Ok. I might be missing something but I agree it does look these are
called from within pcibios_add_device() only so pci_dev_is_added() can
never be true. This looks pretty clear as pci_dev_assign_added() is
called after pcibios_add_device() in pci_bus_add_device().

> 
> > > s390 uses pci_dev_is_added() in recover_store()
> > 
> > I'm actually looking into this as I'm working on an s390 implementation
> > of the PCI recovery flow described in Documentation/PCI/pci-error-
> > recovery.rst that would also call pci_dev_is_added() because when we
> > get a platform notification of a PCI reset done by firmware it may be
> > that the struct pci_dev is going away i.e. we still have a ref count
> > but it is not added to the PCI bus anymore. And pci_dev_is_added() is
> > the only way I've found to check for this state.
> > 
> > > , but I don't know what
> > > that is (looks like a sysfs file, but it's not documented) or why s390
> > > is the only arch that does this.
> > 
> > Good point about this not being documented, I'll look into adding docs.
> > 
> > This is a sysfs attribute that basically removes the pci_dev and re-
> > adds it. This has the complication that since the attribute sits at
> > /sys/bus/pci/devices//recover it deletes its own parent directory
> > which requires extra caution and means concurrent accesses block on
> > pci_lock_rescan_remove() instead of a kernfs lock.
> > Long story short when concurrently triggering the attribute one thread
> > proceeds into the pci_lock_rescan_remove() section and does the
> > removal, while others would block on pci_lock_rescan_remove(). Now when
> > the threads unblock the removal is done. In this case there is a new
> > struct pci_dev found in the rescan but the previously blocked threads
> > still have references to the old struct pci_dev which was removed and
> > as far as I could tell can only be distinguished by checking
> > pci_dev_is_added().
> 
> Is this locking issue different from concurrently writing to
> /sys/.../remove on other architectures?

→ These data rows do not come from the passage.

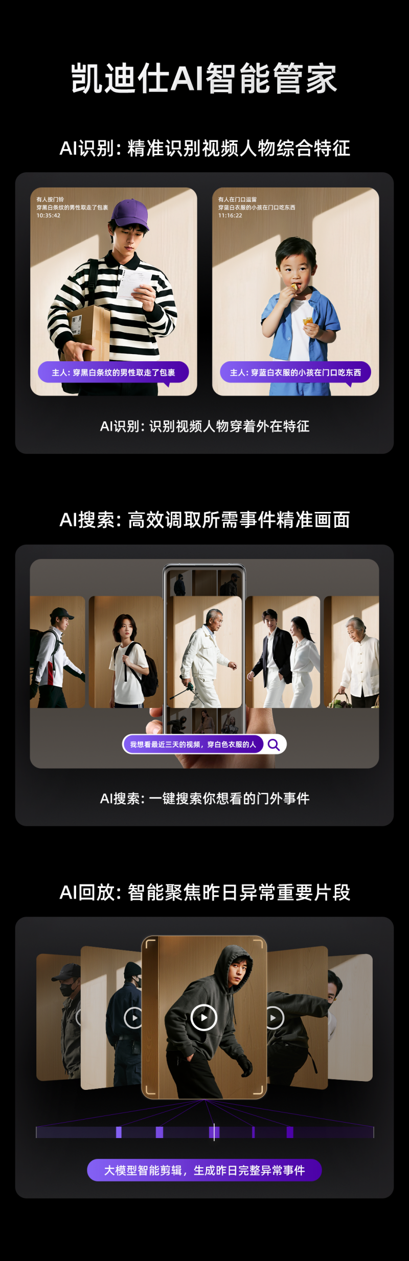 演讲重点解读了凯迪仕首创的“AI剪辑师、AI智能检索、双AI安防”技术体系——AI剪辑师可自动生成门前异常事件集锦,AI智能检索支持关键场景精准定位,双AI安防系统则通过云端大模型与本地芯片的协同实现风险预判,重构了智能锁的安防逻辑。
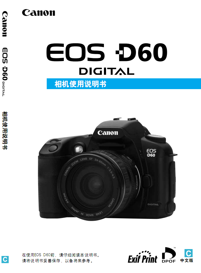 本节内容小编要和大家分享的是Canon佳能EOS D60用户指南(pdf格式高清版手册),有需要的朋友可以进行下载查阅哦!
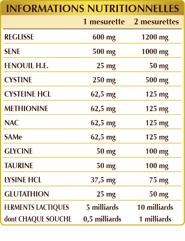 Fructose, racines de réglisse (Glycyrrhiza glabra), feuilles de séné (Cassia angustifolia), (L-)cystine, (L-)cystéine HCL ou chlorhydrate, (L-)méthionine, NAC (N-acétylcystéine), SAMe (S-adénosil méthionine), glycine, taurine, (L-)lysine, graines de fenouil (Foeniculum vulgare) H.E, glutathion, mélange de ferments lactiques (titré à 10% dans chacune des souches ATCC suivantes: Bifidobacterium bifidum SD5215, Bifidobacterium breve SD5206, Bifidobacterium lactis SD5219; Lactobacillus acidophilus SD5212, Lactobacillus brevis SD5214, Lactobacillus bulgaricus SD5589, Lactobacillus casei SD5213, Lactobacillus paracasei SD5275, Lactobacillus plantarum SD5209, Lactobacillus rhamnosus SD5217).
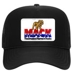 Hats are stitched and pressed onto a standard sized, adjustable classic trucker, all OSFA

In principle it is very similar except that we re-scan and thus the
removed pdev may co-exist with a new pdev for the same actual device if
there are other references to the pdev.

There is however also a significant difference in locking that fixes a
possible deadlock that I just confirmed also affects /sys/../remove
where it is hidden by a lockdep ignore, see lockdep splash below. 

For /sys/../recover this was fixed by my commit dd712f0a53ca
("s390/pci: Fix possible deadlock in  recover_store()") which also
introduced the need for pci_dev_is_added().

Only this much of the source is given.